Nov. 29, 2022 – Artificial intelligence could help improve diversity, equity, and inclusion in clinical trials and drug development by overcoming some traditional human bias in these areas, but we’re not there yet, experts say. The technology could also assist doctors with data insights to make diagnosis and treatment more precise.
It starts with quality. Artificial intelligence (AI) relies on large amounts of data to create algorithms – or computer instructions – to develop best practices and predictions. But the instructions are only as good as the data used to create them. And people are the ones creating the data.
“Underpinning the development of AI technologies are people, and those people have their own biases,” says Naheed Kurji, the chair of the board for the Alliance for Artificial Intelligence in Healthcare. “As a result, the algorithms will have their own biases.”
Technology that uses speech to diagnose disease is an example.
“There are many cases, examples where companies have failed to recognize the differences in speech across different cultures,” says Kurji. When technology is based on speech patterns of a limited demographic, “then when that model is applied in the real world to a different demographic with a different accent, that model fails.”
“As a result, it’s not representative.”
Another example is genetic and genomic data.
“Give or take, 90-plus percent of genetic and genomic data has originated from people of European descent. It’s not from people from the continent of Africa, Southeast Asia, Asia, or South America,” says Kurji, who is also president and CEO of Cyclica Inc., a data-driven drug discovery company based in Toronto.
Therefore, “a lot of research that has been done on that level of data is inherently biased,” he says.
To Be Fair
Creating data that takes diversity, equity, and inclusion of people and cultures around the world into account is not a hopeless challenge.

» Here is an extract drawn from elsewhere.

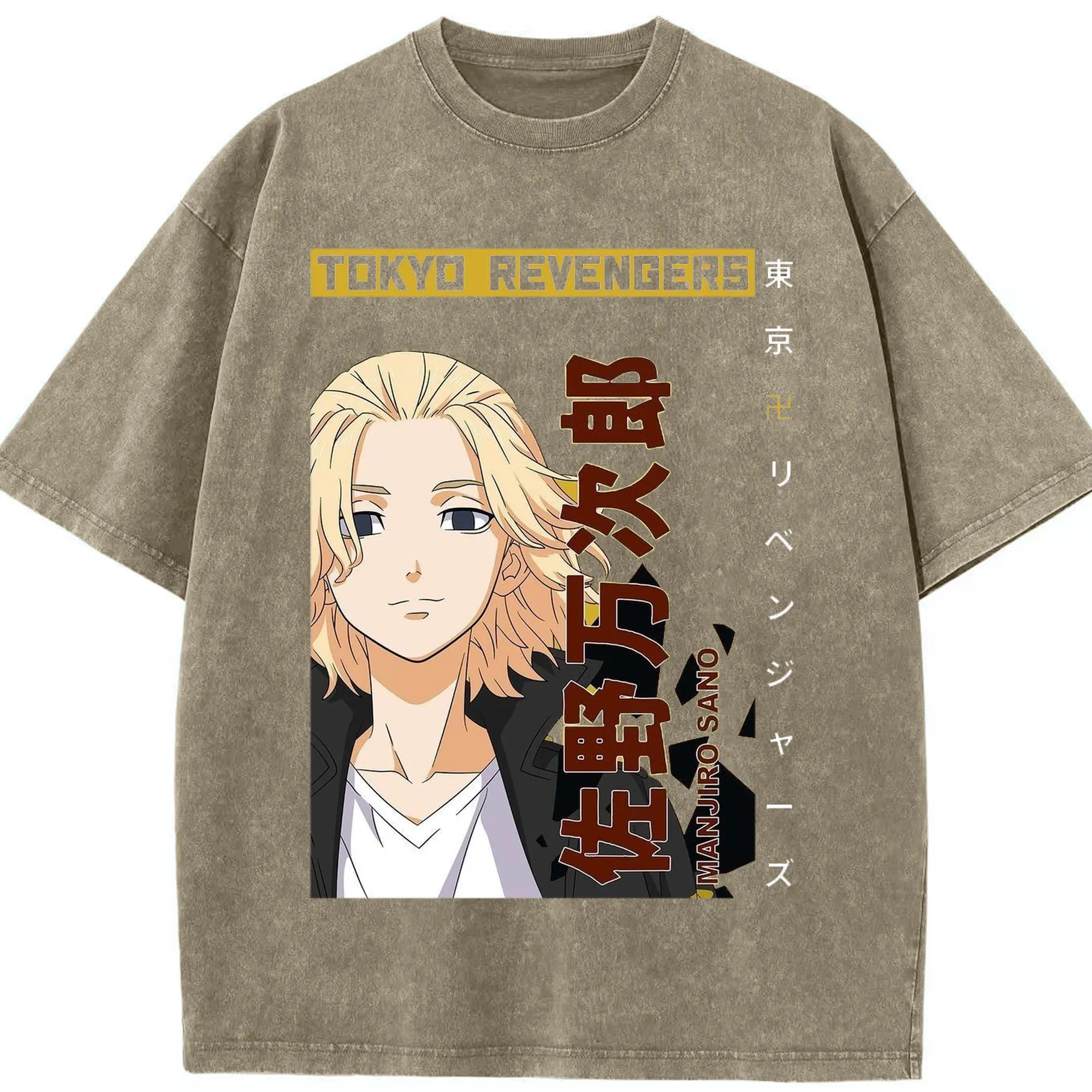 東京卍リベンジャーズ 東リベ佐野万次郎 - 綿100% ヴィンテージ風 半袖Tシャツ ・ フロントプリント ・ 柔らか肌触り ・ 通気性 快適 ・ スポーツ カジュアル 外出用
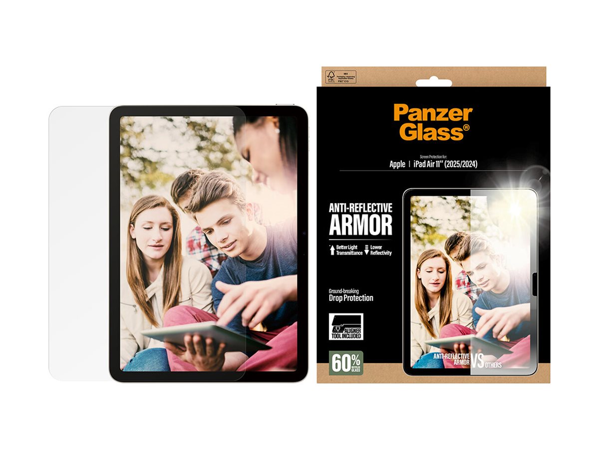 Skærmen på din iPad skal både være godt beskyttet og nem at se. Med skærmbeskyttelsen Anti-Reflective Armor fra PanzerGlass får du begge dele. Den er lavet af 60 % genanvendt glas og beskytter din telefon mod hverdagens uheld. Den nye anti-reflekterende behandling minimerer genskin markant og maksimerer samtidig lysgennemtrængningen. Det betyder, at du kan se din skærm i strålende solskin, stort set uden genskin. Teksturen giver et blødt look, mindre genskin og meget lav friktion. For slet ikke at nævne over 94 % lysgennemtrængning og under 0,3 % genskin. Den er legende let at montere med det nye FastFit tool . Glem alt om skæv montering og støvkorn under glasset. Bare læg din iPad med forsiden opad, træk i tappen, og vupti – perfekt montering. Hvis du ønsker endnu mere beskyttelse, kan skærmbeskyttelsen Anti-Reflective Armor kombineres med PanzerGlass PicturePerfect eller Hoops kameralinsebeskyttelse og et CARE by PanzerGlass cover.

But it will take time, experts say. Once that is achieved, AI should be closer to being free of human and systemic biases.
Greater awareness is essential.
“The solution to the problem comes from people inherently understanding that the bias exists,” Kurji says, and then only including fair and balanced data that passes a diversity test.
Choosing More Wisely?
Another promising avenue for AI is streamlining the drug development process, narrowing down potential drug candidates, and making clinical trials more cost-effective.
“If the source data has challenges and limitations, then that the AI is going to just keep propagating those limitations,” agrees Sastry Chilukuri, co-CEO of the data-driven clinical trial company Medidata and founder and president of Acorn AI. “The source data has to get more representative and has to get more equitable for the AI to reflect what’s happening.”
When it comes to human or systemic bias in drug development, “it would be too much of a simplification to say AI or machine learning can fix it,” says Angeli Moeller, PhD, head of data and integrations generating insights at Roche in Berlin. “But responsible use of AI and machine learning can help us identify biases and find ways to mitigate any negative effects it might cause.”
At the same time AI aims to streamline drug development, the technology also can help make all doctors better at their jobs, experts say. AI would, for instance, help by spreading knowledge and expertise far and wide, sharing best practices from doctors with a lot of experience in more complex patients. This would help guide those who treat only a few such patients each year.
The surgical volumes in New York City or in Delhi could be as high as hundreds of patients a year, Chilukuri says. “But if you go to interiors of the U.S. like Nebraska, the surgeon just doesn’t see that much volume.”
AI could help doctors “by providing the kind of tools that allow them to be able to deliver the same top-notch care to all of their populations at lot faster,” he says.
AI could help target therapy by using data to identify patients at highest risk. The technology also could improve some bottleneck areas in medicine, such as the time it takes to interpret radiology images, Kurji says.
There is an AI company “whose entire business model is not to replace your radiologist but to make radiologists better,” he notes. One of company’s aims is “to prevent death or severe ailment from radiology scans that get missed or that get stacked on the pile and just don’t get acted on fast enough for that patient.”
Radiologists are so busy, they may have only 30 seconds or less to interpret each scan, says Chilukuri. AI can flag a lesion of potential concern, but it can also compare an image to past scans on the same patient. This view afforded by AI does not just apply to radiology but across data-driven areas of medicine.
Advancing Personalized Medicine
AI could also guide a personal approach to surgery, “because it’s not like humans come in small, medium and large,” Chilukuri says. The technology could help surgeons determine exactly where to operate on an individual patient.
Moeller agrees that AI holds potential for boosting personalized medicine.
“AI can help with diagnosis and risk prediction, which can mean earlier interventions,” says Moeller, who’s also vice chair of the Alliance for Artificial Intelligence in Healthcare board. “If you look, for instance, at a diabetic patient, what is the likelihood that he or she might develop eye problems from diabetic macular edema?”
The technology could also help with getting a look at the big picture.
“Machine learning can look for patterns in a population that might not be in your medical textbook,” Moeller says.
Beyond diagnosis and treatment, AI also could help with recovery by customizing rehabilitation for each patient, Chilukuri predicts.
“It’s not like every person is going to rehab the exact same way. So, you have highly individualized AI plans that allow you to actually stay on track and predict where you’re going.”